Literature DB >> 31447108

Characterizing Conduction Channels in Postinfarction Patients Using a Personalized Virtual Heart.

Dongdong Deng1, Adityo Prakosa2, Julie Shade2, Plamen Nikolov2, Natalia A Trayanova3.   

Abstract

Patients with myocardial infarction have an abundance of conduction channels (CC); however, only a small subset of these CCs sustain ventricular tachycardia (VT). Identifying these critical CCs (CCCs) in the clinic so that they can be targeted by ablation remains a significant challenge. The objective of this study is to use a personalized virtual-heart approach to conduct a three-dimensional (3D) assessment of CCCs sustaining VTs of different morphologies in these patients, to investigate their 3D structural features, and to determine the optimal ablation strategy for each VT. To achieve these goals, ventricular models were constructed from contrast enhanced magnetic resonance imagings of six postinfarction patients.
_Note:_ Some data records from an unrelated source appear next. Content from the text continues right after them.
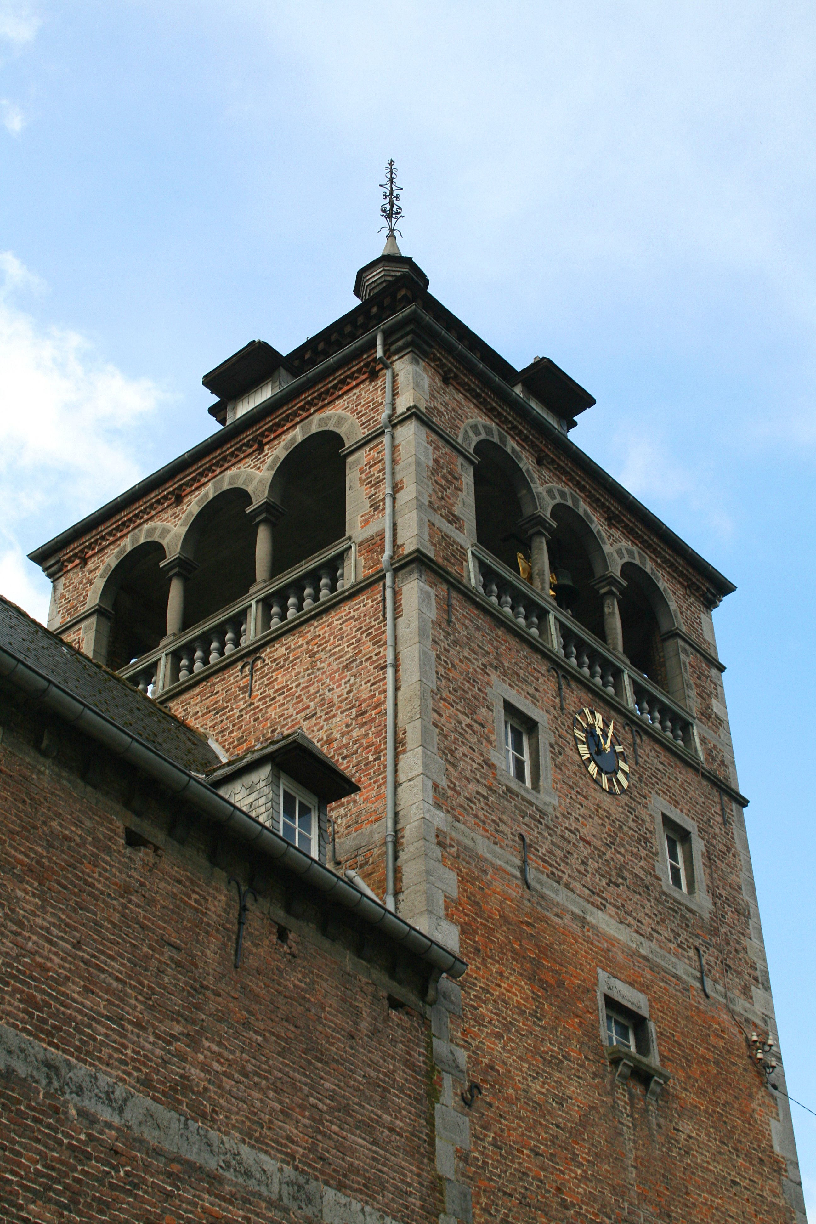 Dinant (Belgium), bell tower of the Abbaye Notre-Dame de Leffe (XVI-XVIIth centuries).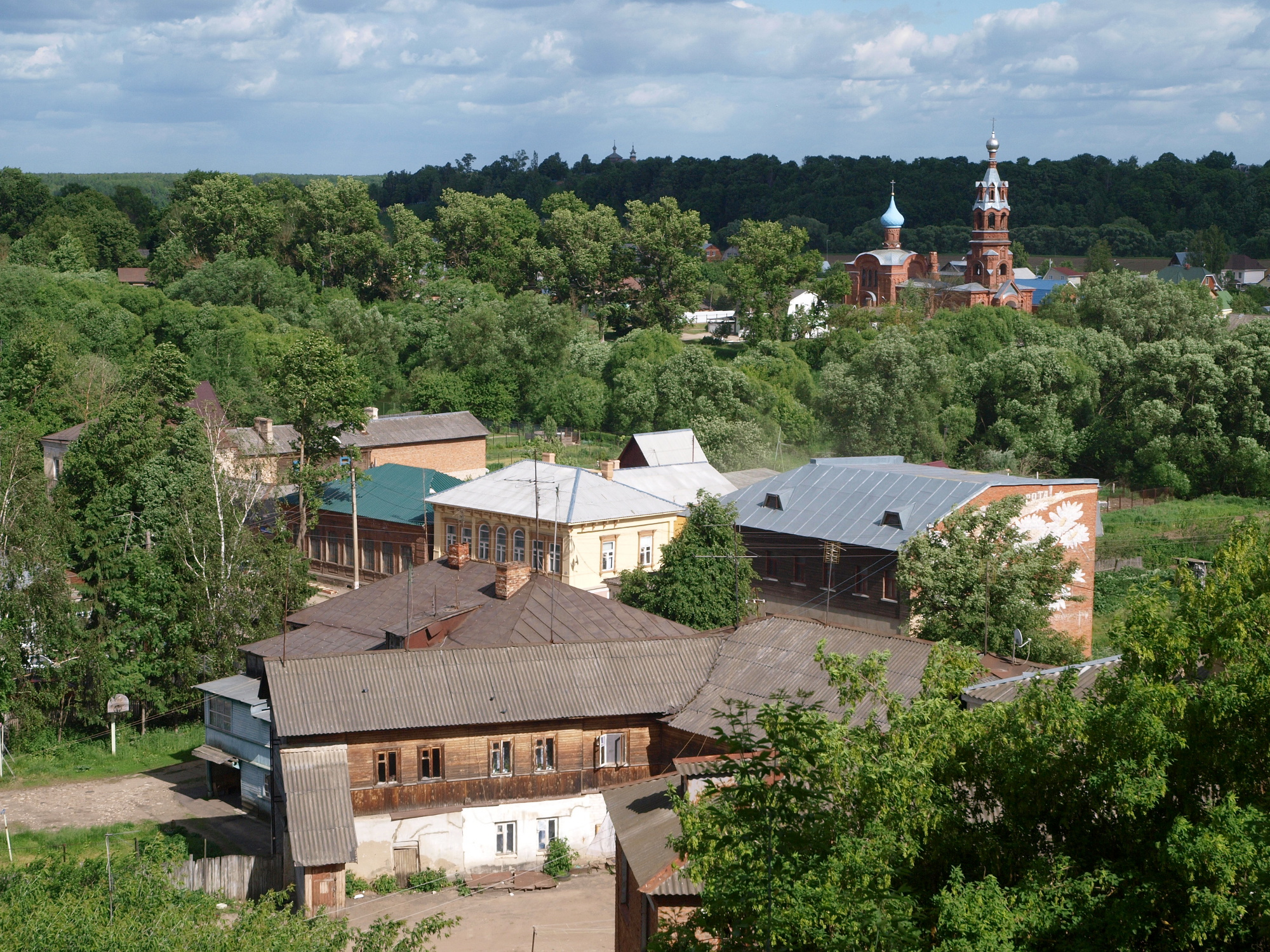 Borovsk - view from Kremlin hill to north-east (old town baths just below).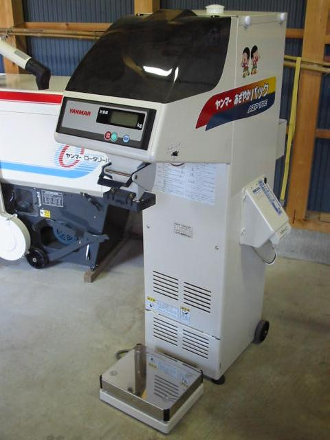 A rice grading machine with automatic weight scale and packer.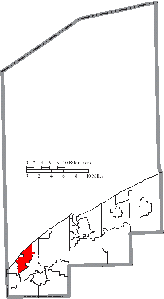 Map of the municipal and township boundaries of Lake County, Ohio, United States, as of the 2000 census, with the location of the city of Eastlake highlighted. Township borders are shown only in unincorporated areas in order to differentiate incorporated and unincorporated areas more clearly.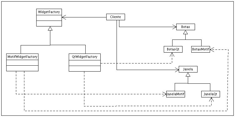 Abstract Factory Design Pattern by Luís Felipe Braga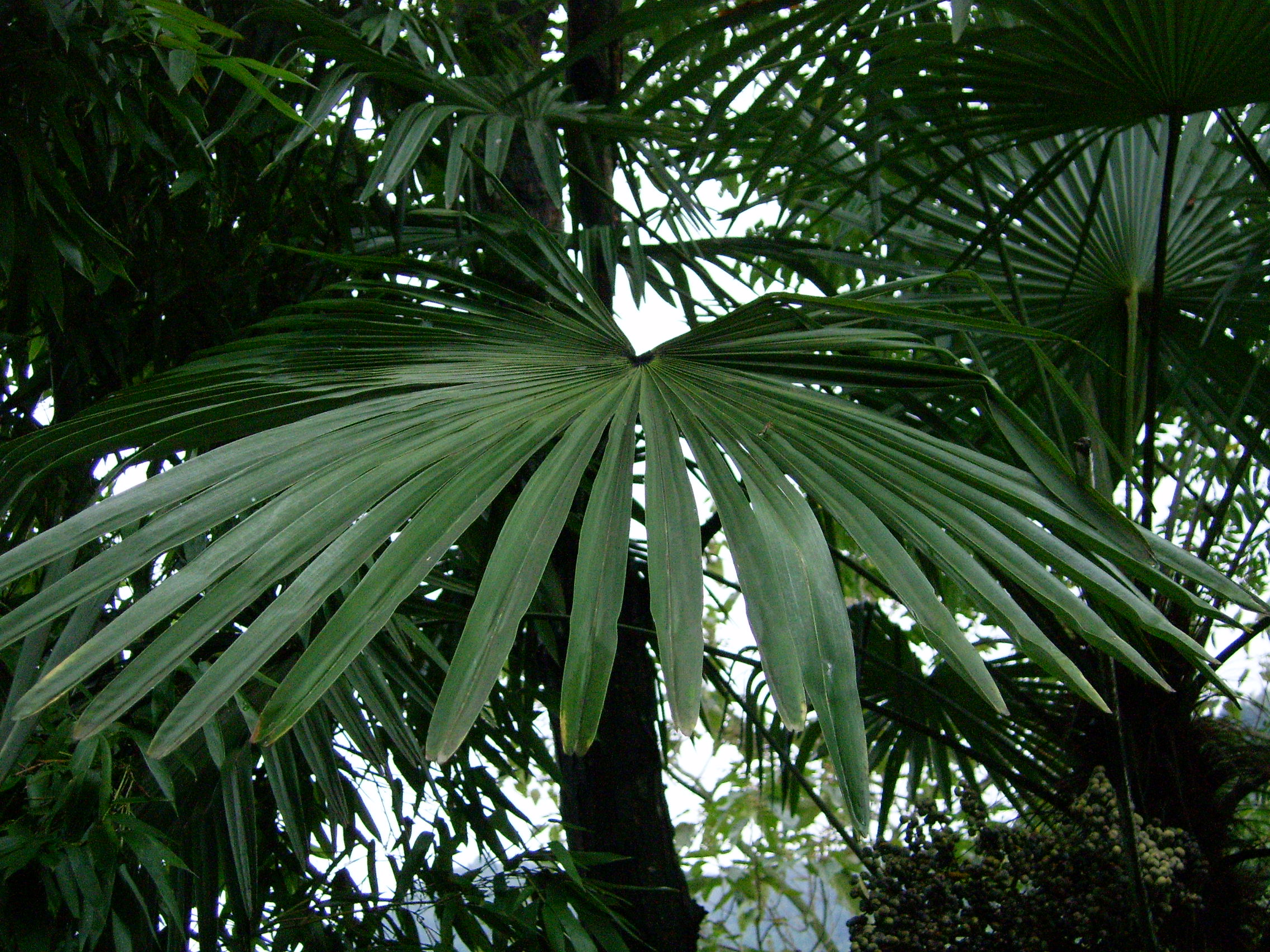 Chusan Palm Trachycarpus fortunei leaf, Zhuji, Zhejiang, China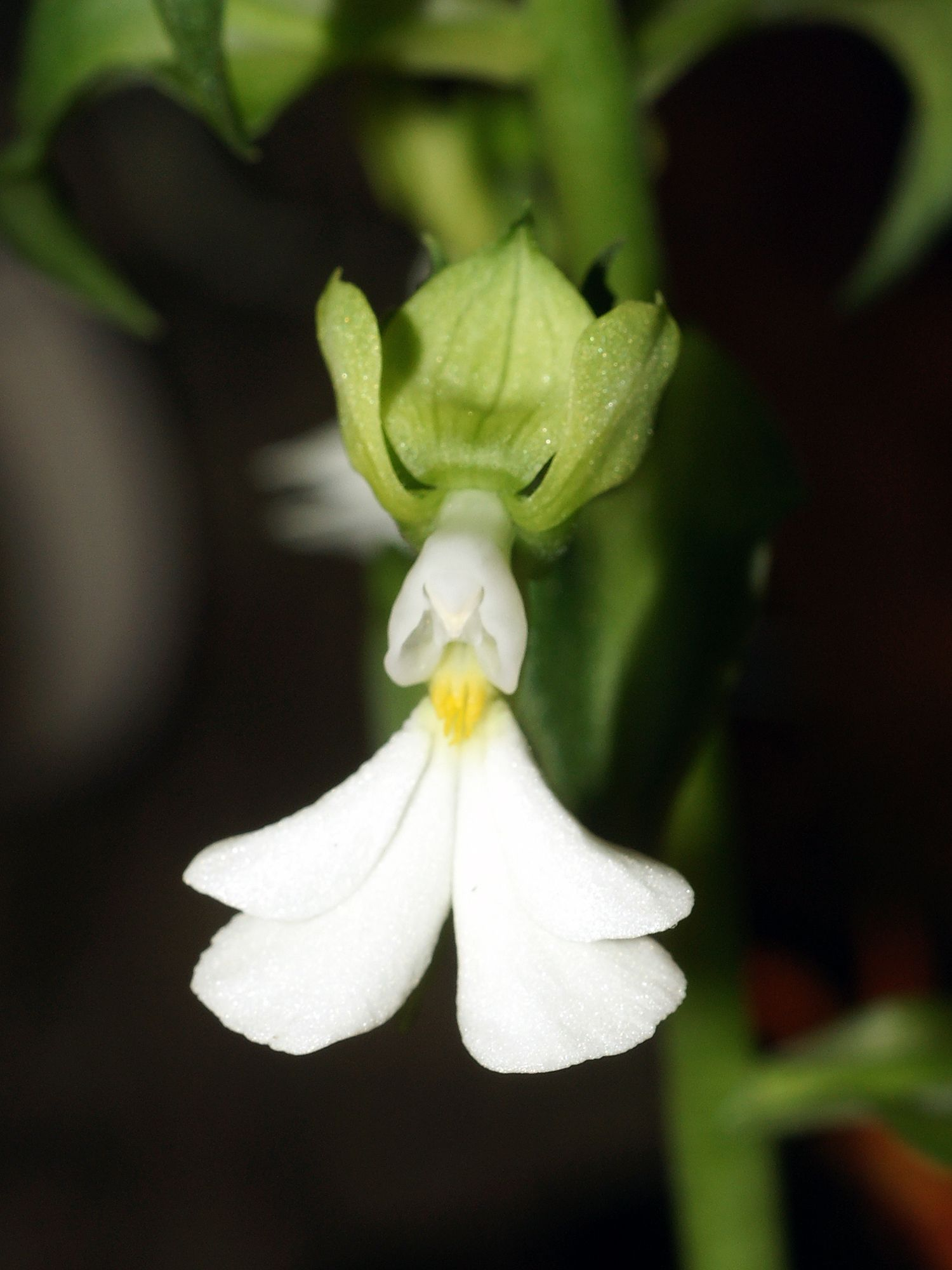 Calanthe aurantiaca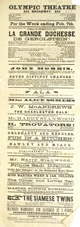 Scan of a broadside for Olympic Theatre presenting Offenbach's "La Grande Duchesse de Gerolstein" February 7, [1873].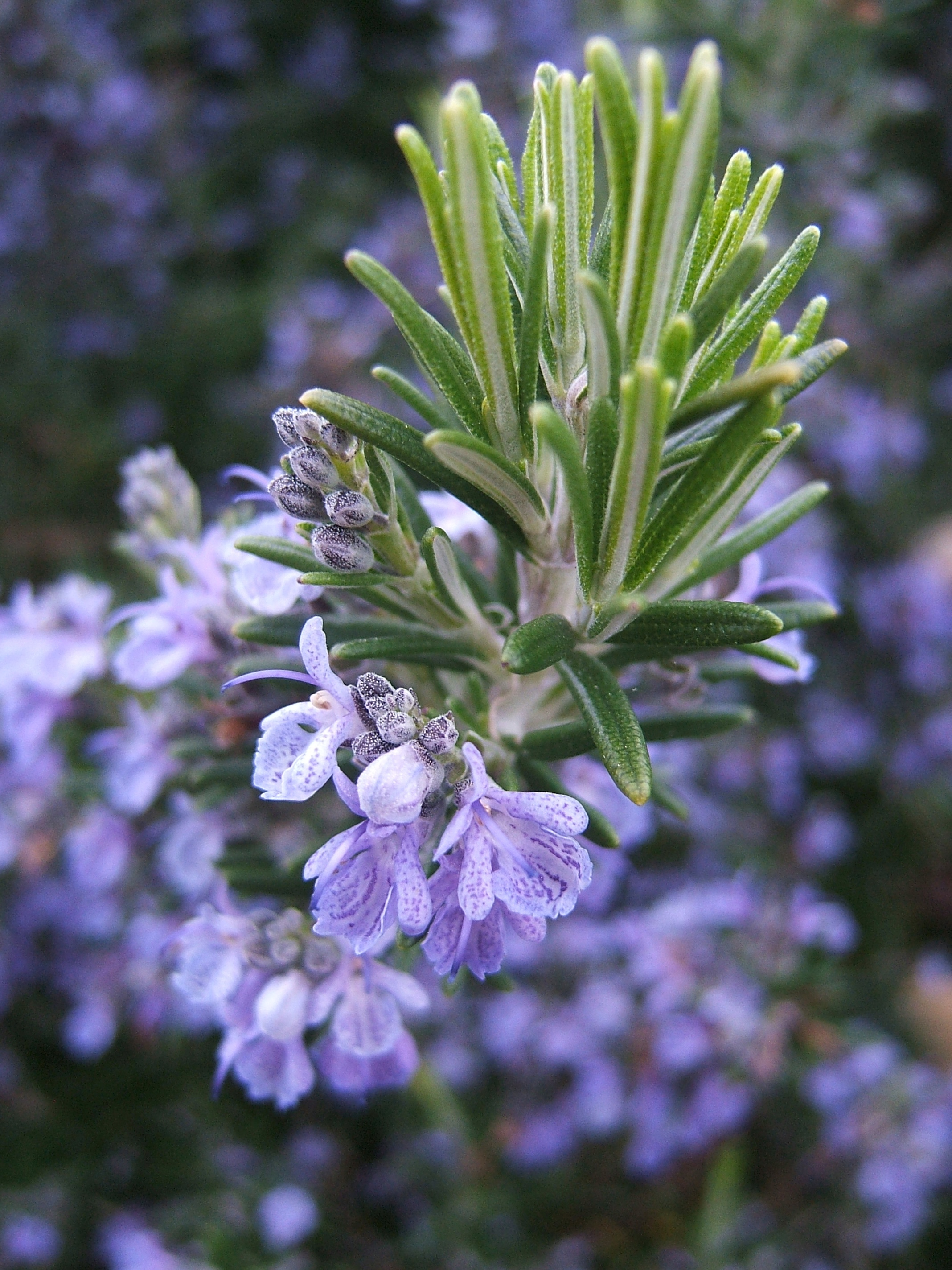 Rosmarinus officinalis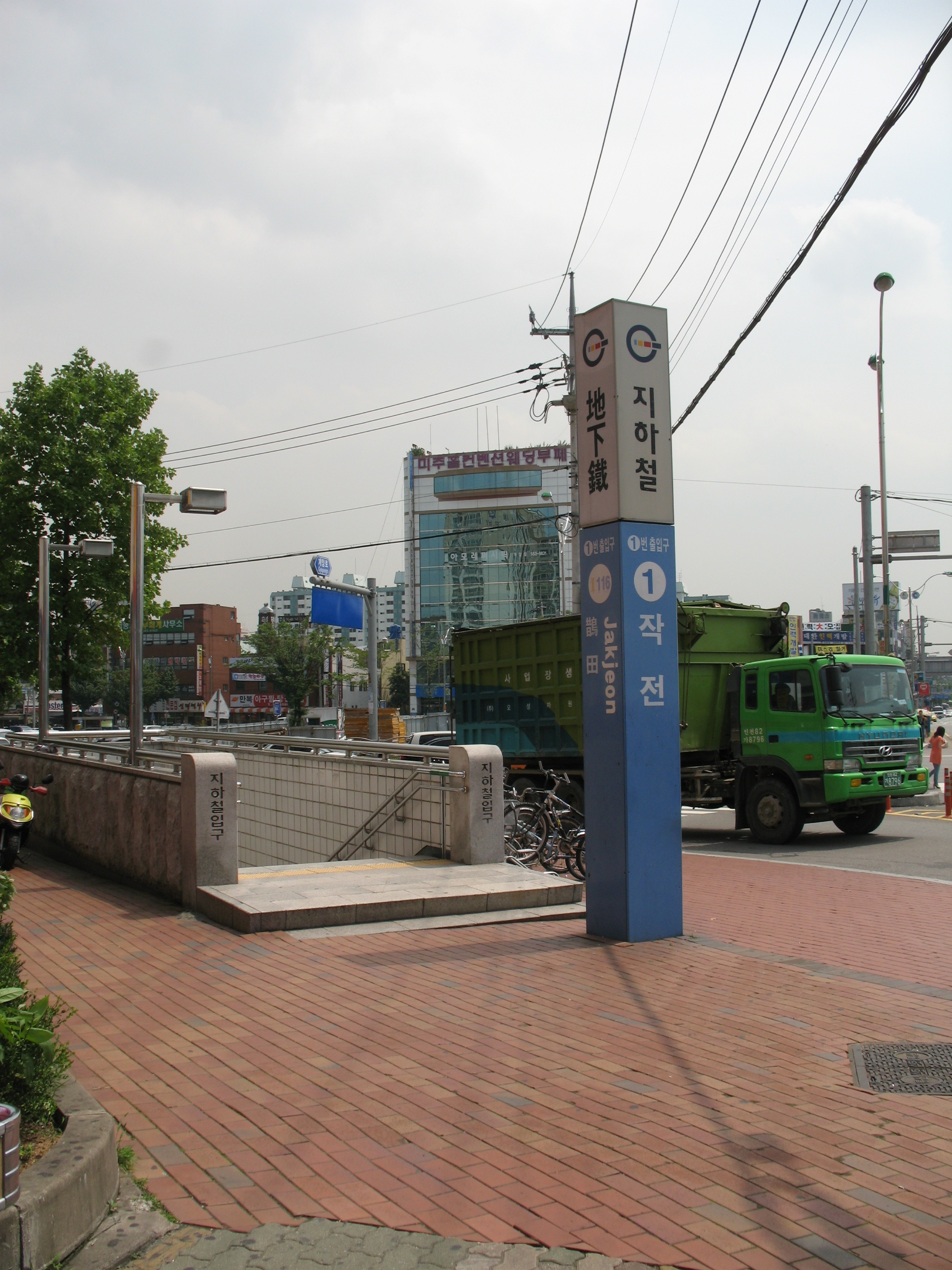 Incheon Subway Line 1 Jakjeon Station

Rapid pacing induced VTs in each model. CCCs that sustained different VT morphologies were identified. CCCs' 3D structure and type and the resulting rotational electrical activity were examined. Ablation was performed at the optimal part of each CCC, aiming to terminate each VT with a minimal lesion size. Predicted ablation locations were compared to clinical. Analyzing the simulation results, we found that the observed VTs in each patient model were sustained by a limited number (2.7 ± 1.2) of CCCs. Further, we identified three types of CCCs sustaining VTs: I-type and T-type channels, with all channel branches bounded by scar, and functional reentry channels, which were fully or partially bounded by conduction block surfaces. The different types of CCCs accounted for 43.8, 18.8, and 37.4% of all CCCs, respectively. The mean narrowest width of CCCs or a branch of CCC was 9.7 ± 3.6 mm. Ablation of the narrowest part of each CCC was sufficient to terminate VT. Our results demonstrate that a personalized virtual-heart approach can determine the possible VT morphologies in each patient and identify the CCCs that sustain reentry. The approach can aid clinicians in identifying accurately the optimal VT ablation targets in postinfarction patients.
Copyright © 2019 Biophysical Society. Published by Elsevier Inc. All rights reserved.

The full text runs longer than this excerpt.